**Material for this exercise**.
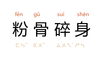 出处唐 蒋防《霍小玉传》:“平生志愿,今日获从,粉骨碎身,誓不相舍。”明 凌濛初《初刻拍案惊奇》卷二十:“兰孙道:‘相公、夫人正是重生父母,虽粉骨碎身,无可报答。’”
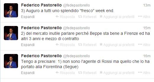 ''Tengo a precisare: 1) non sono l'agente di Rossi ma quello che lo ha portato alla Fiorentina. 2) del mercato inutile parlare perché Beppe sta bene a Firenze ed ha altri 3 anni e mezzo di contratto. 3) Auguro a tutti uno splendido "fresco" week end''.
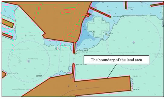 Each line or area object is encoded in ENC as a set of nodes using the “chain-node” topology [43]. The location of the node is most often described by ellipsoidal coordinates in the World Geodetic System 1984 (WGS 84) [44], although it should be borne in mind that the “S-57” standard defines 228 of them, each of which can be used [43]. Node pairs form edges that can be utilized, among other things, for the geometric description of the coastline. The “S-57” standard defines, in the “Object Catalog”, several hundred classes of objects, attributes and attribute domains [45]. The object classes and their attributes provided with the standard allow describing of most of the real world objects necessary to be placed on marine navigation charts. For the coding of the land area, the spatial object of the GEO type with the acronym LNDARE (code 71) is used, defined as the solid portion of the Earth’s surface, as opposed to sea or water (IHO Dictionary, S-32, 5th Edition, 2635) [45,46]. Figure 2 shows an image of an electronic navigational chart (display “all other information” [47,48]) with the border of the land area marked.
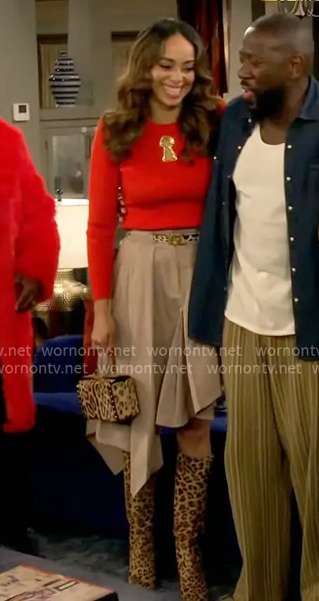 Mercedes' red key hole top and asymmetric skirt on The Neighborhood
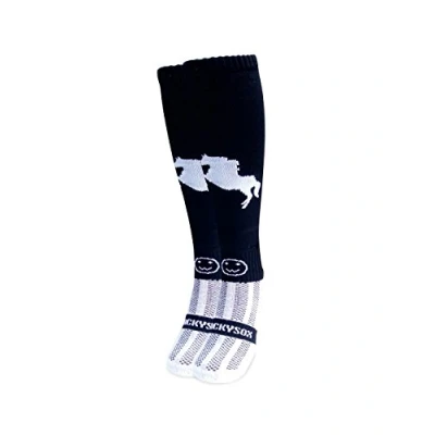 PLEASE CHOOSE SIZE CAREFULLY. SIZING OPTIONS ARE # Extra Small ( XS ) which is Child Shoe Size 9-12 # Small ( S ) which is Child Shoe Size 12-2 # Medium ( M ) which is Adult Shoe Size 2-6 # Large ( L ) which is Adult Shoe Size 7-11 # Extra Large ( XL ) which is Adult Shoe Size 11-14 # Extra Extra Large ( XXL ) which is Adult Shoe Size 14-18 RIDE IN COMFORT: Make a statement with our bold, colourful equestrian riding socks! These knee-length sports socks are ideal for horse riding and general fitness with a fully elasticated top so you don't have to worry about the socks falling down. MOISTURE-WICKING TECHNOLOGY: All our equestrian riding socks have COOLMAX Pro ultra-high performance padded footbeds that regulate temperature, keeping your feet cool and dry throughout your ride. SUPREME COMFORT: Made in Great Britain from 95% polyamide and 5% elastane which ensures a snug and soft fit on the leg. Our equestrian riding socks also feature external smooth toe seams to make blistering a thing of the past. All our socks have an elasticated ankle for support and an elasticated central foot band to help reduce slippage. A WACKY FOR ALL: Whether you ride for your own pleasure, enjoy show jumping or dressage, we have riding socks to suit you. Our WackySox are ideal for all children, men and women with bold designs to suit every occasion. Wacky by name and appearance but certainly not in terms of function and performance.
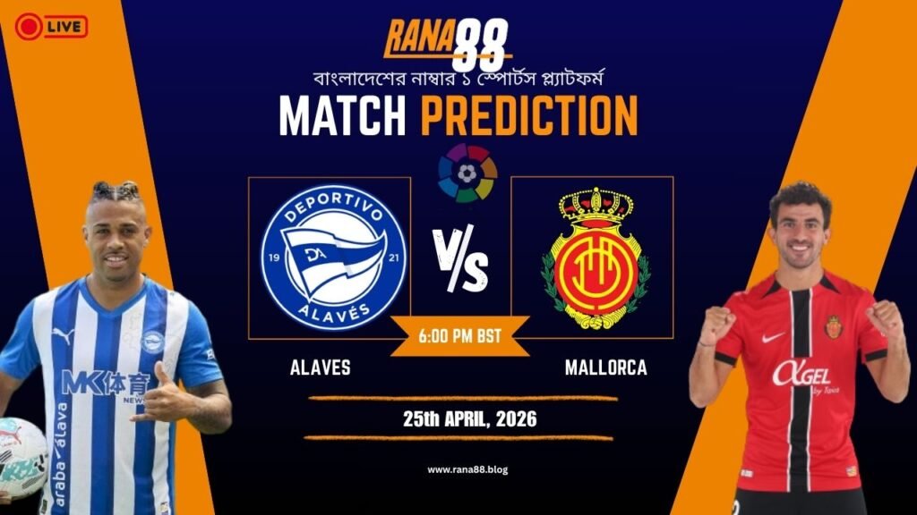 Alavés vs Mallorca ম্যাচটি লা লিগা রাউন্ড ৩৩-এ একটি গুরুত্বপূর্ণ ও প্রতিদ্বন্দ্বিতাপূর্ণ লড়াই হতে যাচ্ছে, যেখানে Deportivo Alavés মুখোমুখি হবে RCD Mallorca-এর। দুই দলই লিগে গুরুত্বপূর্ণ পয়েন্ট অর্জনের লক্ষ্যে মাঠে নামবে, তাই ম্যাচটি বেশ প্রতিযোগিতামূলক হওয়ার সম্ভাবনা রয়েছে। আলাভেস নিজেদের হোম গ্রাউন্ডে সংগঠিত ডিফেন্স ও নিয়ন্ত্রিত খেলার মাধ্যমে সুবিধা নিতে চাইবে, অন্যদিকে মায়োর্কা দ্রুত আক্রমণ ও মিডফিল্ড কন্ট্রোলের মাধ্যমে ম্যাচে প্রভাব ফেলতে পারে।
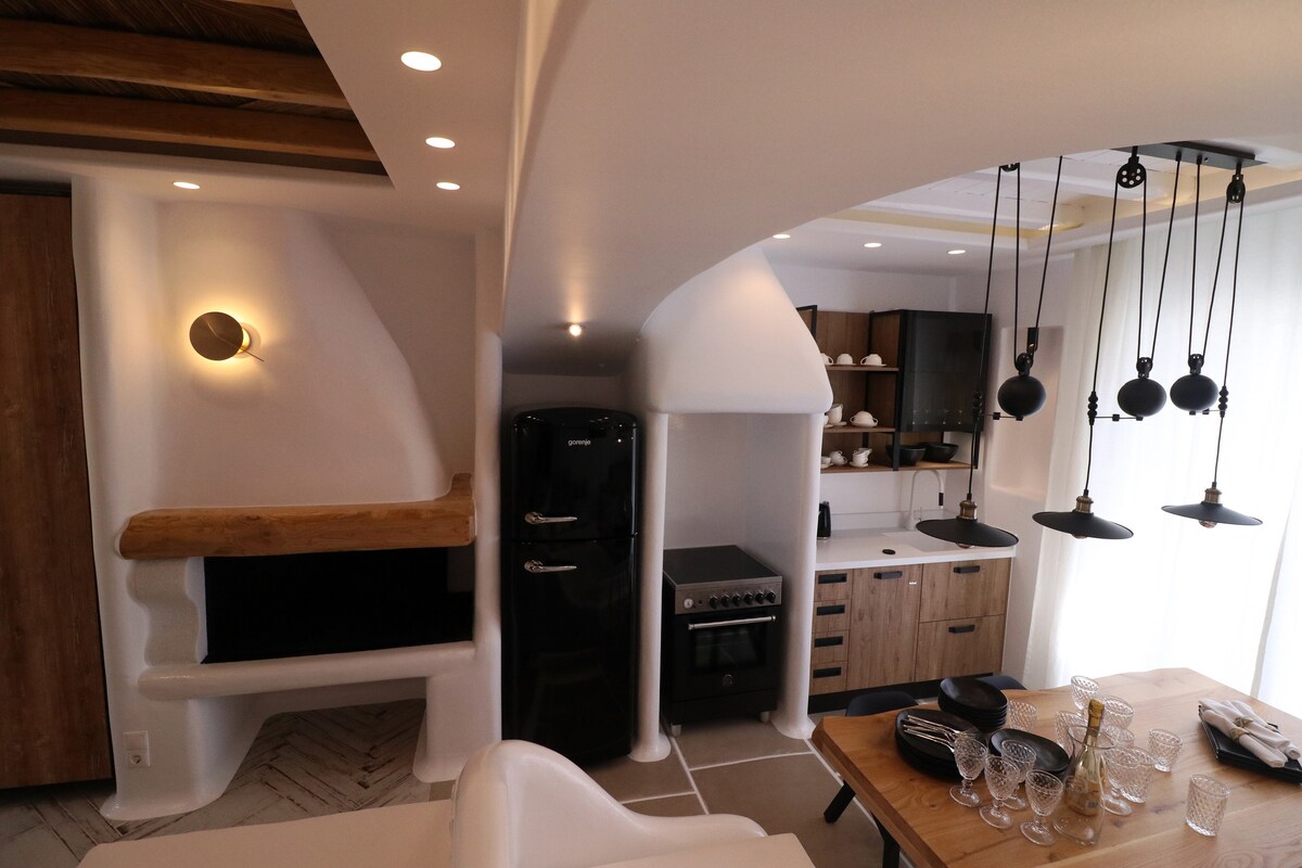Willkommen in einer brandneuen, wunderschön gestalteten und eingerichteten Vier-Zimmer-Wohnung im Herzen von Naoussa. Die Einrichtung und das Dekor sind in Weiß- und Sandfarben und mit natürlichen Holzakzenten gestaltet, wodurch eine entspannende Atmosphäre entsteht. Es gibt zwei private Terrassen, eine mit einem Whirlpool und einem Esstisch. Genieße das stilvolle Erlebnis.

**Exercise objective**. Across the whole listing above, repeat each line exactly and leave out the images.

**Written solution**.
 出处唐 蒋防《霍小玉传》:“平生志愿,今日获从,粉骨碎身,誓不相舍。”明 凌濛初《初刻拍案惊奇》卷二十:“兰孙道:‘相公、夫人正是重生父母,虽粉骨碎身,无可报答。’”
 ''Tengo a precisare: 1) non sono l'agente di Rossi ma quello che lo ha portato alla Fiorentina. 2) del mercato inutile parlare perché Beppe sta bene a Firenze ed ha altri 3 anni e mezzo di contratto. 3) Auguro a tutti uno splendido "fresco" week end''.
 Each line or area object is encoded in ENC as a set of nodes using the “chain-node” topology [43]. The location of the node is most often described by ellipsoidal coordinates in the World Geodetic System 1984 (WGS 84) [44], although it should be borne in mind that the “S-57” standard defines 228 of them, each of which can be used [43]. Node pairs form edges that can be utilized, among other things, for the geometric description of the coastline. The “S-57” standard defines, in the “Object Catalog”, several hundred classes of objects, attributes and attribute domains [45]. The object classes and their attributes provided with the standard allow describing of most of the real world objects necessary to be placed on marine navigation charts. For the coding of the land area, the spatial object of the GEO type with the acronym LNDARE (code 71) is used, defined as the solid portion of the Earth’s surface, as opposed to sea or water (IHO Dictionary, S-32, 5th Edition, 2635) [45,46]. Figure 2 shows an image of an electronic navigational chart (display “all other information” [47,48]) with the border of the land area marked.
 Mercedes' red key hole top and asymmetric skirt on The Neighborhood
 PLEASE CHOOSE SIZE CAREFULLY. SIZING OPTIONS ARE # Extra Small ( XS ) which is Child Shoe Size 9-12 # Small ( S ) which is Child Shoe Size 12-2 # Medium ( M ) which is Adult Shoe Size 2-6 # Large ( L ) which is Adult Shoe Size 7-11 # Extra Large ( XL ) which is Adult Shoe Size 11-14 # Extra Extra Large ( XXL ) which is Adult Shoe Size 14-18 RIDE IN COMFORT: Make a statement with our bold, colourful equestrian riding socks! These knee-length sports socks are ideal for horse riding and general fitness with a fully elasticated top so you don't have to worry about the socks falling down. MOISTURE-WICKING TECHNOLOGY: All our equestrian riding socks have COOLMAX Pro ultra-high performance padded footbeds that regulate temperature, keeping your feet cool and dry throughout your ride. SUPREME COMFORT: Made in Great Britain from 95% polyamide and 5% elastane which ensures a snug and soft fit on the leg. Our equestrian riding socks also feature external smooth toe seams to make blistering a thing of the past. All our socks have an elasticated ankle for support and an elasticated central foot band to help reduce slippage. A WACKY FOR ALL: Whether you ride for your own pleasure, enjoy show jumping or dressage, we have riding socks to suit you. Our WackySox are ideal for all children, men and women with bold designs to suit every occasion. Wacky by name and appearance but certainly not in terms of function and performance.
 Alavés vs Mallorca ম্যাচটি লা লিগা রাউন্ড ৩৩-এ একটি গুরুত্বপূর্ণ ও প্রতিদ্বন্দ্বিতাপূর্ণ লড়াই হতে যাচ্ছে, যেখানে Deportivo Alavés মুখোমুখি হবে RCD Mallorca-এর। দুই দলই লিগে গুরুত্বপূর্ণ পয়েন্ট অর্জনের লক্ষ্যে মাঠে নামবে, তাই ম্যাচটি বেশ প্রতিযোগিতামূলক হওয়ার সম্ভাবনা রয়েছে। আলাভেস নিজেদের হোম গ্রাউন্ডে সংগঠিত ডিফেন্স ও নিয়ন্ত্রিত খেলার মাধ্যমে সুবিধা নিতে চাইবে, অন্যদিকে মায়োর্কা দ্রুত আক্রমণ ও মিডফিল্ড কন্ট্রোলের মাধ্যমে ম্যাচে প্রভাব ফেলতে পারে।
Willkommen in einer brandneuen, wunderschön gestalteten und eingerichteten Vier-Zimmer-Wohnung im Herzen von Naoussa. Die Einrichtung und das Dekor sind in Weiß- und Sandfarben und mit natürlichen Holzakzenten gestaltet, wodurch eine entspannende Atmosphäre entsteht. Es gibt zwei private Terrassen, eine mit einem Whirlpool und einem Esstisch. Genieße das stilvolle Erlebnis.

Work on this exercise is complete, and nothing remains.